For hands-free local iteration, keep agentpack eval --watch --until-pass running in a terminal while the agent or developer edits. It reruns when the case file, patch artifacts, golden files, or git diff content changes and stops when all deterministic checks pass. --capture stores the current patch under .agentpack/evals/<case-id>.patch plus context metadata; --replay checks out base_ref into an isolated git worktree, applies that patch, and runs the same deterministic checks there. When pack metadata points to a citation manifest, captured cases automatically add citation coverage and invalid-citation gates. To measure AgentPack's contribution, run the same case with --variant baseline and then with --variant agentpack; --compare-variants baseline:agentpack reports which cases improved, regressed, stayed unchanged, or still need both sides. Use --ci-template to scaffold a GitHub Actions workflow for benchmarks/evals.toml.

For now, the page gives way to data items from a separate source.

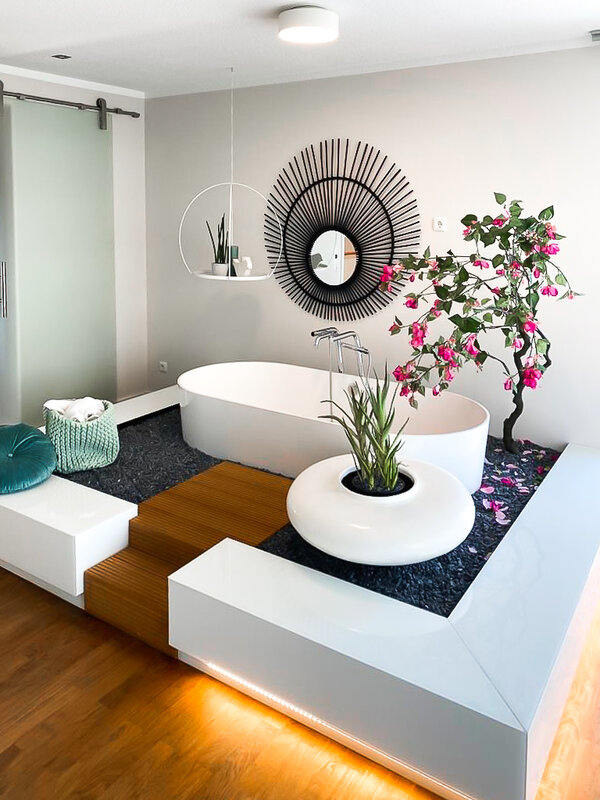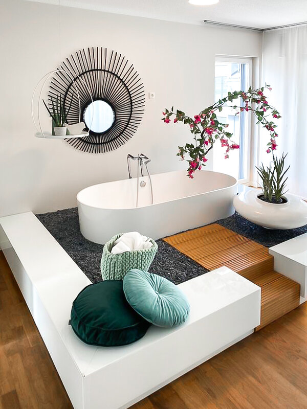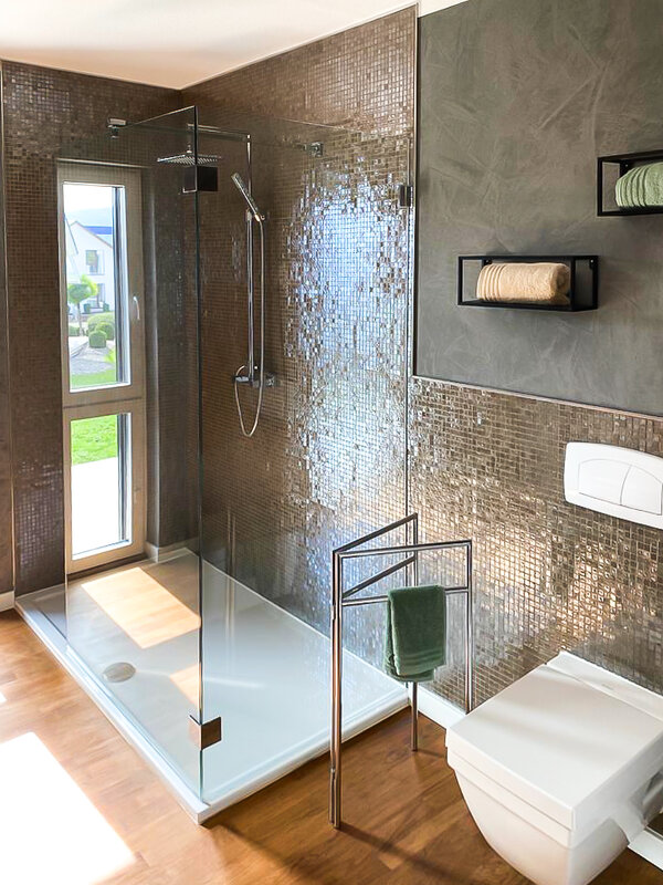 Mit einem Homeoffice der Extraklasse, als Anbau mit eigenem Zugang für Kundschaft, aber auch vom Wohnhaus aus erreichbar. Zwei Bäder im Obergeschoss, eines davon sogar mit Badewanne im Schlafzimmer, und eine offene Galerie gehören ebenfalls zu den sehr schönen Details dieses Wohnkonzeptes.
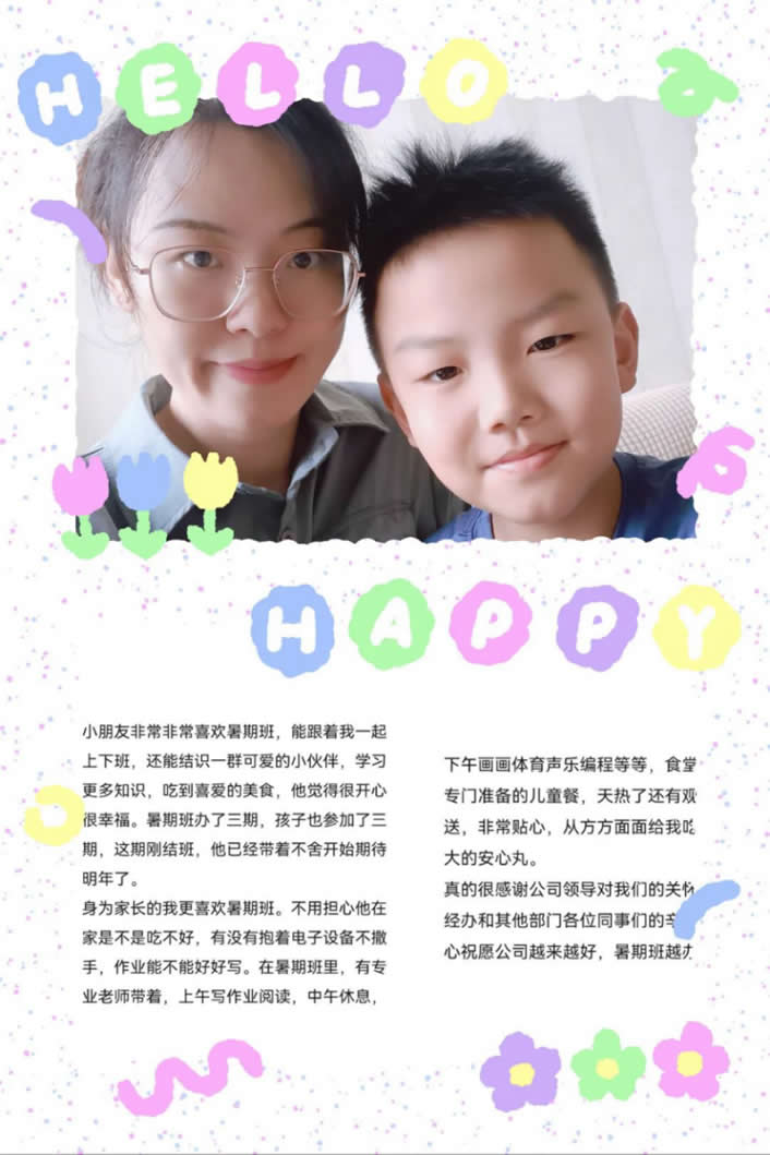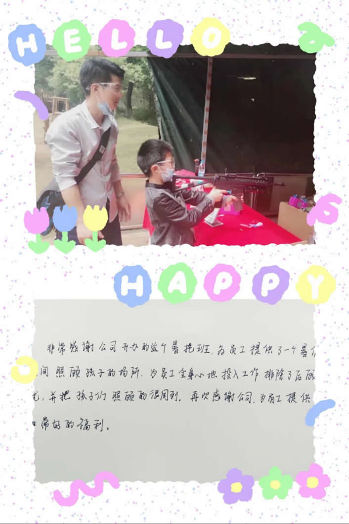 非常感謝公司開(kāi)辦的這個(gè)暑托班,為員工提供了一個(gè)暑假期間照顧孩子的場(chǎng)所,為員工全身心地投入工作排除了后顧之憂,并把孩子們照顧的很周到,再次感謝公司,為員工提供了非常好的福利。
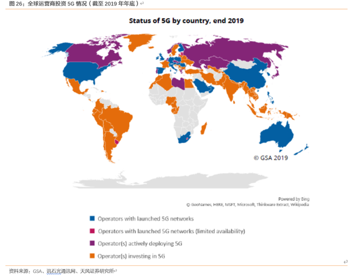 5G投资热潮来临,根据GSA报告,截至2019年底,全球有119个国家/地区的348家运营商正在进行5G投资,其投资的形式包括测试/试用、获得牌照、部署网络和启动服务。77家运营商宣布已在其网络中部署了符合3GPP要求的5G技术。
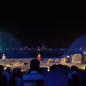 ソング・オブ・ザ・シーは、ミストにレーザーを当てて、空中に映像を映し出しながら、パフォーマーが歌って踊るショーです。
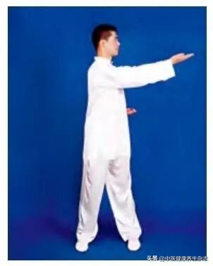 秋冬の季節、天気が乾燥し、多くの人は咳や喘息などの肺の問題を起こしやすいです。「呬」の字訣は肺臓に対応し、肺は人体の「華蓋」であり、気を主り呼吸を司ります。「呬」の字訣を練習する際、均等に声を出しながら体を前に傾ける動作を行うことで、肺臓の機能を調節し、呼吸をスムーズに促進することができます(身体動作は図4を参照)。
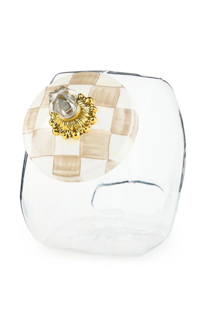 Glass jar; lid has heavy-gauge, hand-glazed steel underbody with hand-painted Mocha Checks. Knob assembly includes brass bobeche and glass finial. Pieces may vary due to the handmade nature of each product. Imported.
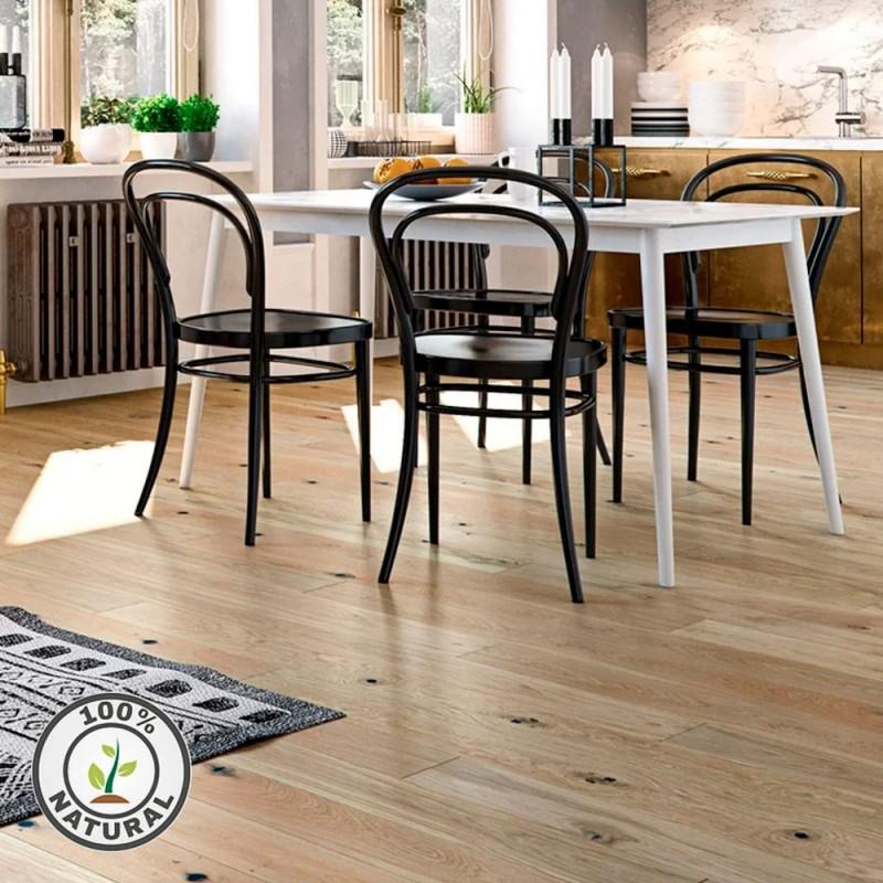 Пользуемся этим паркетом уже несколько месяцев. Нам он очень нравится, светлый, теплый, красивый! Из плюсов могу отметить его высокую прочность, у нас двое детей и различным повреждениям паркет подвергается очень часто. Несмотря на это, смотрится доска также классно. Конечно на светлом цвете хорошо выделяются темные сучки, но мы быстро к ним привыкли, а за счет цвета и сучков вообще не видно никаких изъянов!

Eval files are executable trust boundaries: commands in checks.command run locally and in CI. Review eval TOML from contributors with the same care as shell scripts or workflow files.

Captured patch artifacts are secret-scanned with the same local redactor used for context packs before they are written. If a patch line contains a real secret, the artifact stores [REDACTED:<type>] and the case records patch_redaction_warnings. Secret-bearing patches may replay with redacted values; replace secrets with safe fixture values when exact replay matters.

`agentpack status`

Check whether the context pack is stale.

agentpack status
agentpack status --deep
agentpack status --thread codex-local
# Context pack is up to date.
#   Task: fix auth session bug
#   Generated: 2026-04-29T12:00:00Z

--deep also prints the active agent, CLI path, current task, and integration health for the detected agent.

`agentpack diff`

Show changes since last snapshot.

Added:    3 files
Modified: 7 files
Deleted:  1 file
Unchanged: 202 files

`agentpack monitor`

Show pack performance across runs — timing per phase, token savings trend.

agentpack monitor           # last 20 runs
agentpack monitor --last 5
agentpack monitor --clear

`agentpack release-check`

Run the local release gate without mutating tracked files.

agentpack release-check
agentpack release-check --skip-benchmark
agentpack release-check --skip-build
agentpack release-check --profile docs
agentpack release-check --json

Stages:

changelog entry check for the current package version
Python/npm version sync checks
pytest -q
npm wrapper tests
python -m build into a temporary directory
agentpack benchmark --release-gate

Profiles:

--profile auto is the default. It uses the faster docs profile when the current diff only touches docs, plugin/rule files, benchmark result markdown, or docs/plugin validation tests. Clean release checkouts still run the full profile.
--profile docs runs the docs/plugin validation path and skips package build plus public benchmark gate.
--profile fast runs normal tests but skips package build plus public benchmark gate.
--profile full always keeps the full release shape unless explicit skip flags are passed.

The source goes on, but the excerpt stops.